Without seeing statistics of the big tables (specifically are they being effectively vacuumed by auto-vacuum), my main suggestion is to limit the amount of history you keep (specifically what goes into the history* tables, as opposed to trend* tables).
Generally speaking Zabbix manages the volume of data collected by turning history (detailed observations) into trends (aggregated observations); the idea is you keep history for a brief period where it might be meaningful to see minute by minute exact data, but for longer term studies aggregated data is adequate. Moreover, it means that the history tables (which are busily having data added) are also smaller, and the trend tables can be larger but with less write activity.
It sounds like you are doing the opposite, keeping no trend data, but all history? Is there a reason, or accident?

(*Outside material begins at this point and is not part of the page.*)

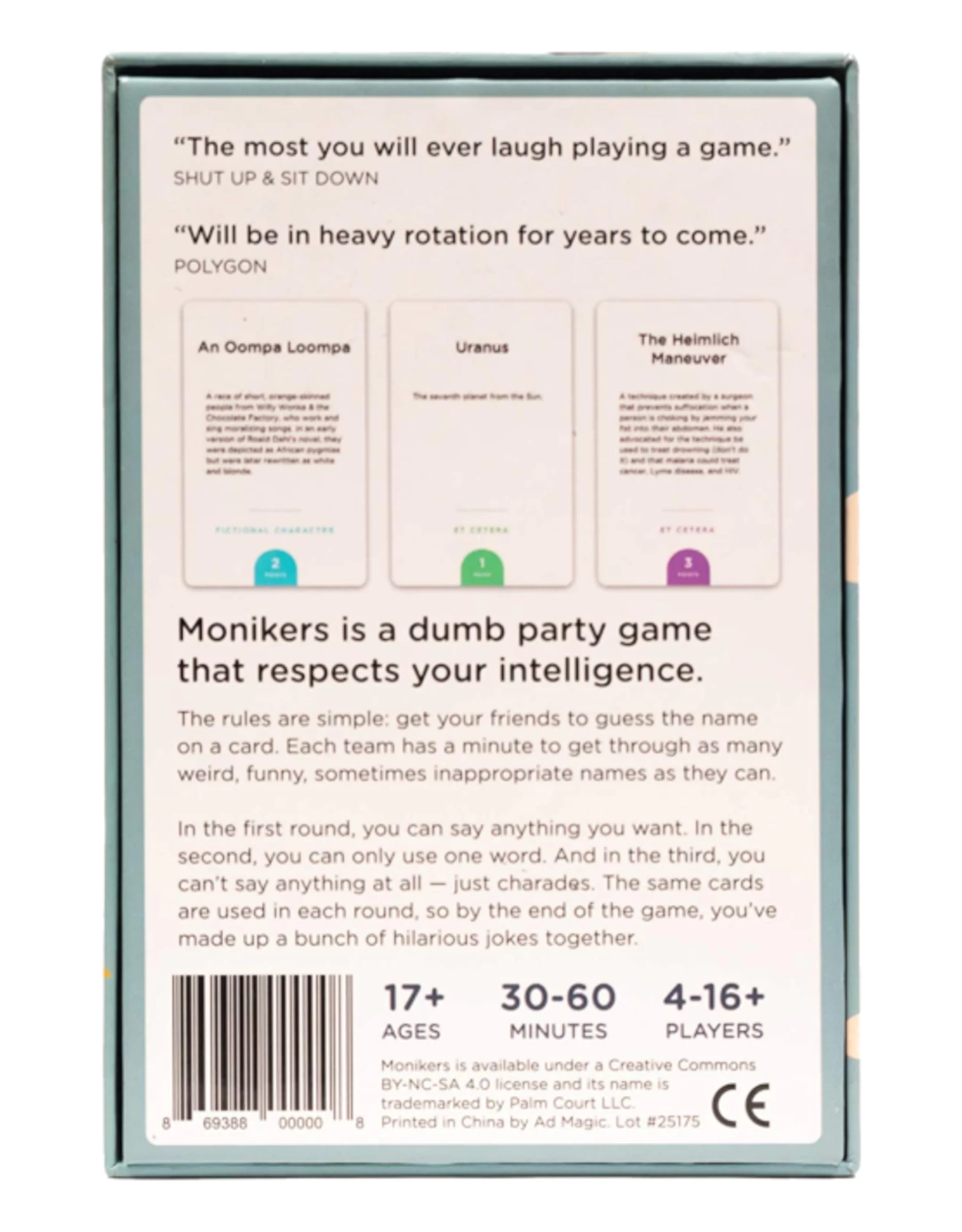 Monikers is a party game based on the public domain game Celebrity, where players take turns attempting to get their teammates to guess names by describing or imitating well-known people.

Aside, which becomes relevant in a moment: Partitioning is a tool, it will not solve your immediate problem, but working on very large datasets like this it will become your friend. That said, partitioning (mostly) requires discipline in history and trend retention, you have to keep all items a similar length of time so you can just drop their associated partition as it ages off. Back to the main answer...
What I do is look at different items and decide how I use them, and keep history only as long as I really need, and keep trend only as long as well, if at all. For example, I have quite a few sanity checks, that alert if something goes wonky, but generally are items returning 0, "OK" or some such. It's rather pointless to keep those more than a few days. This item-specific retention is at odds with partitioning, though, so you decide.
More relevant is what you poll and how often. I dropped our number of items by a factor of maybe 10 by aggressively filtering out stuff no one was looking at. One of the biggest is interfaces - some devices that have one physical interface may have 6 or 10 virtual ones; sure (someone will say) they have meaning, but is anyone actually looking at data collected from them? Subinterfaces, loopback interfaces, (some) virtual interfaces, etc. Network admins often think "I'll keep everything just in case", but it is rarely useful - go spelunking into the item data, and see where you have large numbers of interfaces you just will never need to know about. Or worst case, you might have to start monitoring again. Whack them from low level discovery.
While you are in there, look at WHAT you are collecting for interfaces. Same idea; people often collect everything SNMP shows because, well, they can. Pretend for a moment you are paying for each data item, and ask yourself if it's worth keeping if you were paying by the item. (In a sense, data storage wise, you are). If you've done monitoring for a few years, ask yourself if you EVER have needed a count of fragment failures (simple example of what sounds like a real and useful item, maybe is to some people). What would you do if you say 5 appear? If it's not actionable, why keep it? If it's the kind of thing you look at reactively, in real time, why keep it from every system historically?
While you are in there, ask why you are polling so fast on some items. Consider packet/byte count issues - sure, it's kind of neat to watch a real-time-like history graph every 60 seconds, but is it actionable? Does it teach you more than one every 180 seconds? Every 300 seconds? You are probably collecting a LOT of such data, very fast - will you use it? I've had network admins say "but I need to react quickly to problems". Then you find them putting in latency and hysteresis so as to avoid false alarms and flapping.
Drop back on what you collect and how often and your history will shrink by a factor of 10 (+/-) without significantly impacting its utility. Then cut back on how long you keep it in detail (vs trends) and it can drop by another factor of 2 or 4.
Long, rambling answer, but basically: if it's not actionable, don't keep it. You can always put it back if you guess wrong.
Finally: Be sure auto-vacuum is working effectively, consider setting housekeeping's delete maximum to 0 (delete all at once) but monitor carefully afterwards for blocking (on a good sized system with adequate memory/process/disk speed this can significantly speed up house keeping, but it also risks blocking if it tries to do TOO much at once).
OK, really finally: If you DO decide to do as suggested and eliminate a lot of items, consider whether you can just start over on the data. Cleaning up hundreds of gigs of data in housekeeping is going to be a huge challenge.